Dataset extract -
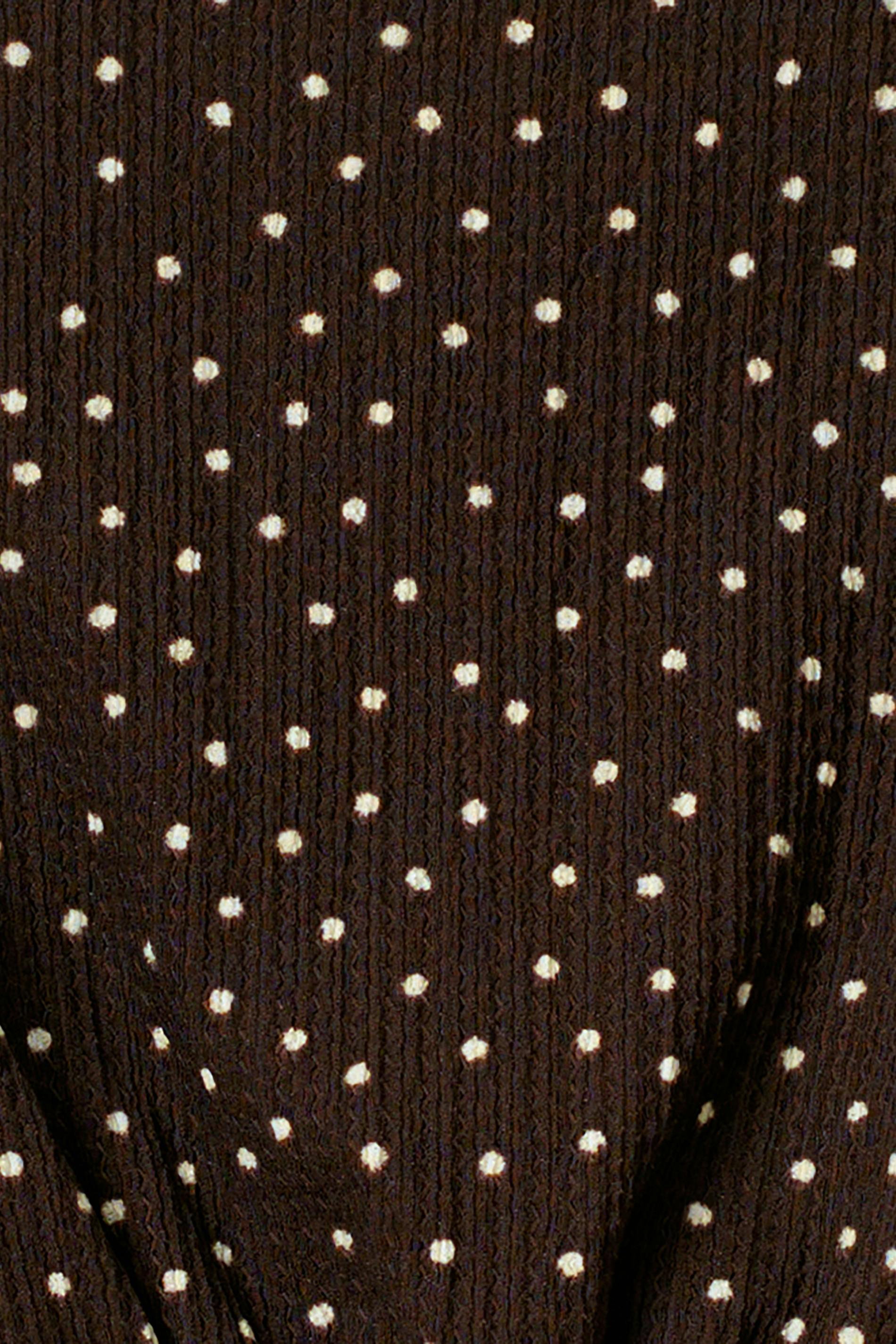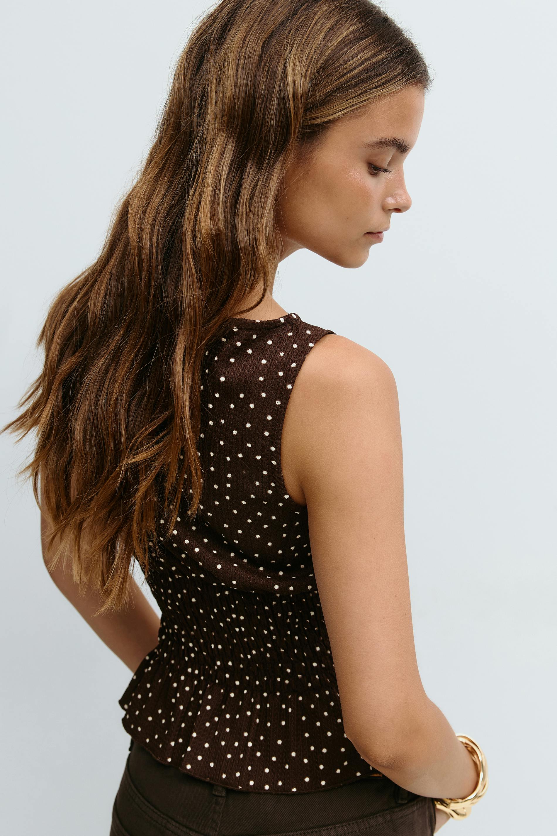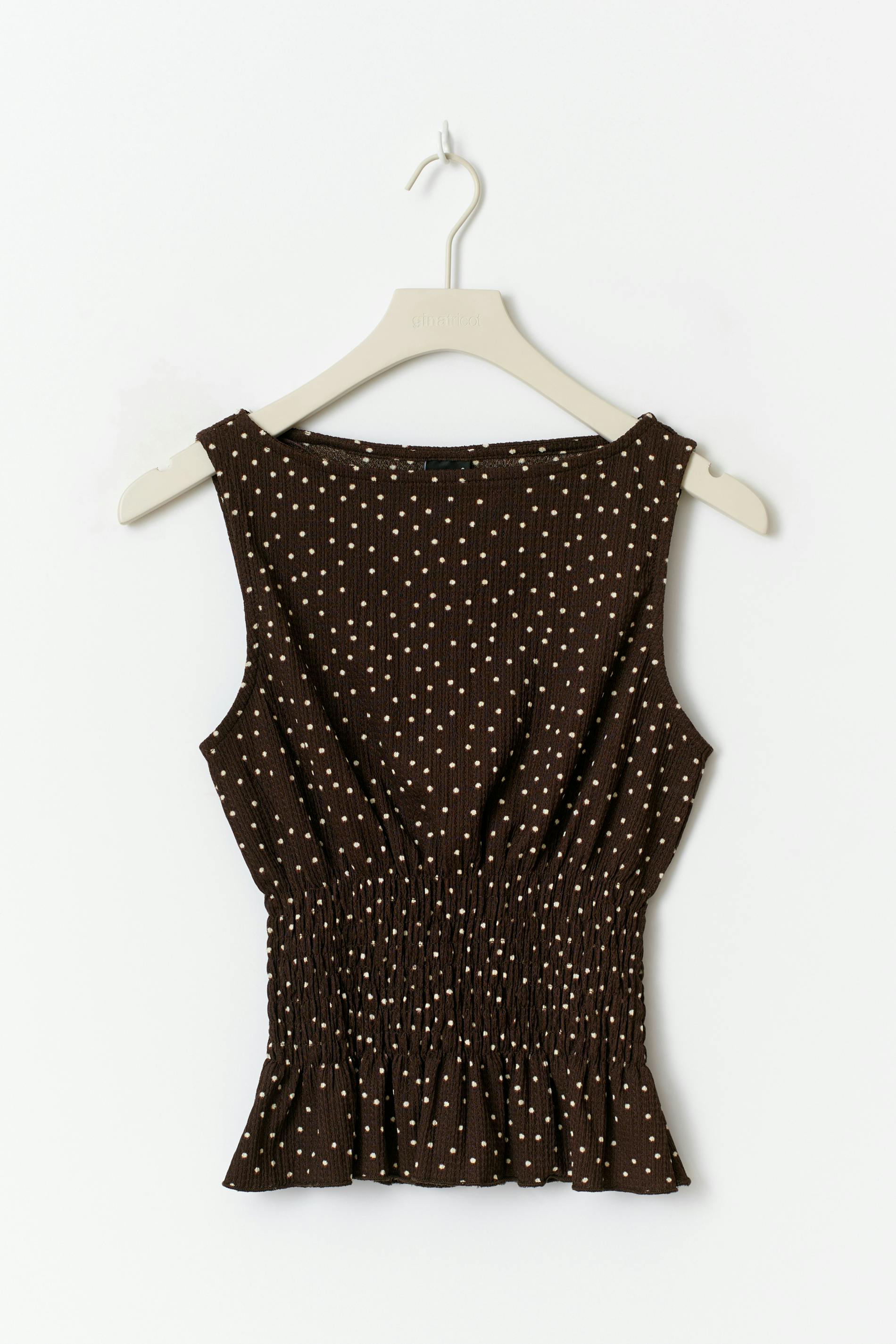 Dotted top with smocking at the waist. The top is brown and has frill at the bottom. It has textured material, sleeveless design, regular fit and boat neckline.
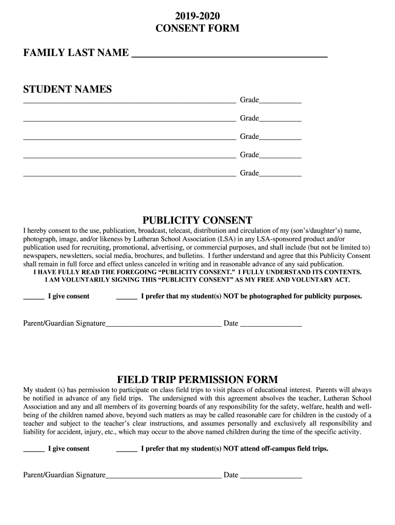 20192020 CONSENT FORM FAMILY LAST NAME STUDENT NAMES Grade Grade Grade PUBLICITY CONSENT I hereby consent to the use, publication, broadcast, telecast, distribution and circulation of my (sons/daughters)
--
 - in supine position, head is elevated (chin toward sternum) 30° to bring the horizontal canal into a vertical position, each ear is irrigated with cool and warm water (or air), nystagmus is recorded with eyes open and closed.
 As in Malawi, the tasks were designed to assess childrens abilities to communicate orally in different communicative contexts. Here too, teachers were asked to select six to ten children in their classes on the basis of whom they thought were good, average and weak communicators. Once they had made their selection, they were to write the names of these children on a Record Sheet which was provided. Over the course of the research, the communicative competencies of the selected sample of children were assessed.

How to complete this task - Reproduce word for word, with pictures dropped, only the part of the material above that opens with the line containing "Dotted top with" and closes with the line containing "20192020 CONSENT FORM".

Response to the exercise -
 Dotted top with smocking at the waist. The top is brown and has frill at the bottom. It has textured material, sleeveless design, regular fit and boat neckline.
 20192020 CONSENT FORM FAMILY LAST NAME STUDENT NAMES Grade Grade Grade PUBLICITY CONSENT I hereby consent to the use, publication, broadcast, telecast, distribution and circulation of my (sons/daughters)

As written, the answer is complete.